4. INVIT JESUS N2 YR LIFE.
Then he wrote his name and phone number at the bottom so people would call him.
It took the better part of a day to blow up the balloons. Two hundred balloons don’t look like a lot when they’re up in the sky, but when you have to blow them up yourself, it’s a sizable number. Plus, writing out the plan of salvation two hundred times was no small feat. Then he worried that someone who couldn’t read might find a salvation balloon, so he recorded several cassette tapes of the plan of salvation and tied them to balloons.
When he finished, the wind was blowing from the west at a steady ten miles an hour.
“They’ll be in Washington, D.C., in a little over two days,” he told his wife, then opened the garage door and pushed them out and up into the sky. The balloons rose in the air, a rainbow of color. A few stuck in the oak tree in the neighbor’s yard, but most of them cleared the tree and headed east, toward the heathens.

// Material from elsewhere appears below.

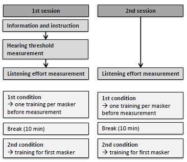 The study was approved by the ethics committee in accordance with the ethics application Drs. 47/2017. The measurement procedure is shown schematically in Figure 2 [Fig. 2]. The air-conduction hearing threshold was measured after receiving information and written consent of the participants. Subsequently, the subjective listening effort was measured. The measurements of the hearing-impaired participants were performed without hearing aids. In one session, the listening effort in both conditions (acoustic and audiovisual) was determined for all maskers. In addition to the order of the conditions, the order of the maskers within a condition was randomized. In the first measurement condition, each of the maskers was trained before the actual measurement in order to become familiar with the stimuli, maskers and the measurement procedure. In the second condition, the maskers, measurement procedures and OLSA sentences were already known and only one training session was performed at the start to familiarize participants with the new condition (audiovisual/acoustic). The training was similar to the first measurement phase of ACALES. The stimuli were presented in random order both during training and during the measurement. For ten of the 15 normal-hearing participants, the listening effort in both conditions was again evaluated in a second session and using all maskers. Only one training session per condition was performed during this session, as the measurement procedures, stimuli and masker were assumed to be known. On the first day, four training sessions and six measurements were performed per subject. On the second day, the number of training sessions was reduced to two.

That was on a Saturday. The next day at church he stood up during the prayer time and asked for prayers for his salvation balloons, that the Lord would direct them to unbelievers.
“I can’t help but think the Lord had them blowing toward Washington, D.C., for a reason,” he said. “Maybe some of our leaders will find one and be saved, and this nation will come back to the Lord.”

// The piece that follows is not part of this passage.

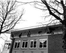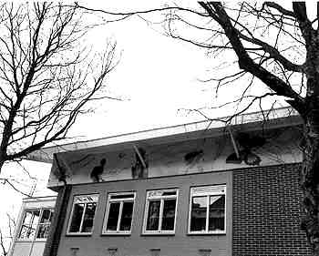 A running frieze on the outside of the building depicting the story of a boy and girl's trip around the world

“Amen to that,” said Bea Majors from the organ.
For the hundredth time in the two years he’d been there as pastor, Sam Gardner wished he were somewhere else.

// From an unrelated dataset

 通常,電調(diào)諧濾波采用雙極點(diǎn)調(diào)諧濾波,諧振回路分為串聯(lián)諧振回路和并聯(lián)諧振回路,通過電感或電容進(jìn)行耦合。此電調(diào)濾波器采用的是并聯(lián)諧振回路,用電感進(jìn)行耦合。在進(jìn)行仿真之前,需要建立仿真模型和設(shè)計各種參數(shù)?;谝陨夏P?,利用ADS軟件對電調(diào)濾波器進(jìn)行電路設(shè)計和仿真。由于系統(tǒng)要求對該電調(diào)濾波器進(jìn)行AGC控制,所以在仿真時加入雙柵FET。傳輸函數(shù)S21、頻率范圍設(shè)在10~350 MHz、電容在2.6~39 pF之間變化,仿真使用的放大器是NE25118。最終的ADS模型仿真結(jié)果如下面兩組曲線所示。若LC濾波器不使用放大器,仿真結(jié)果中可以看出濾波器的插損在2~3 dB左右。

Dale wiped away a tear. “I feel so privileged to do the Lord’s work this way,” he sniffed. “I’ll be releasing four hundred balloons this Saturday. I’ll need some help. They’re predicting winds from the south, which should carry the balloons toward Chicago. Now I don’t want to get all political, but there’s a lot of Democrats up that way who need the Lord. If you think the Lord is nudging you to help, then talk to me after church.”
His wife began to weep quietly. Four hundred balloons! she thought. He’ll wear himself out. Lord, send him helpers.
It had been a rough couple months for Dale’s wife. When the chickens died, effectively ending their Scripture eggs ministry, she felt God had let them down. She tried talking with Dale about it, but it only upset him.
“The ways of the Lord are not ours to understand,” he told her. “I can only believe he has something finer in store for us.”
Then to see Dale’s faith rewarded with the salvation balloons ministry was suc
h a joy.
There was a rustle by the organ. Bea Majors rose to her feet. “I’ll help you blow up the balloons, Dale.”
“Count me in, too,” said Bill Muldock from the back row.
Dale’s wife began weeping in earnest. I’m sorry for ever doubting you, Lord. Thank you, thank you, thank you.
Dale was still standing, sniffling. He pulled a handkerchief from his pocket. “Thank you, friends. I can’t tell you what this means to me. The Lord bless you.”
Sam Gardner was praying also. Dear God, please let him sit down now.
But Dale couldn’t be stopped, not when the hand of the Lord was so clearly upon him. “I need your prayers for a rare north wind. Ladies, I know it might hurt your petunias, but with Dubois County straight south of us, I need a strong north wind to reach the Catholics in those parts.”
Bea Majors frowned. She’d just planted two flats of pink petunias. She prayed, but not too hard.
Dale spent the next three days experimenting with his balloons. He discovered if he filled the balloons with less helium, the balloons would fall to the ground much sooner. He called it “target evangelism.” On Wednesday evening, he released twenty balloons a mile upwind from a Kingdom Hall just as the Jehovah’s Witnesses were gathering to worship. On Thursday, he floated another twenty balloons toward the Masonic Lodge in Cartersburg.
On Friday morning, when Dale was eating breakfast, their telephone rang. Dale picked it up and said hello.
“I’m looking for a Mr. Dale Hinshaw,” a man said.
“You got him.”
“I’m calling about one of your balloons.”
Dale was faint with excitement. “Where are you?”
“I’m in Pittsburgh with the zoo. One of your balloons landed in our aviary exhibit, and our trumpeter swan choked on it and died. Do you know how many trumpeter swans there are in the world, Mr. Hinshaw?”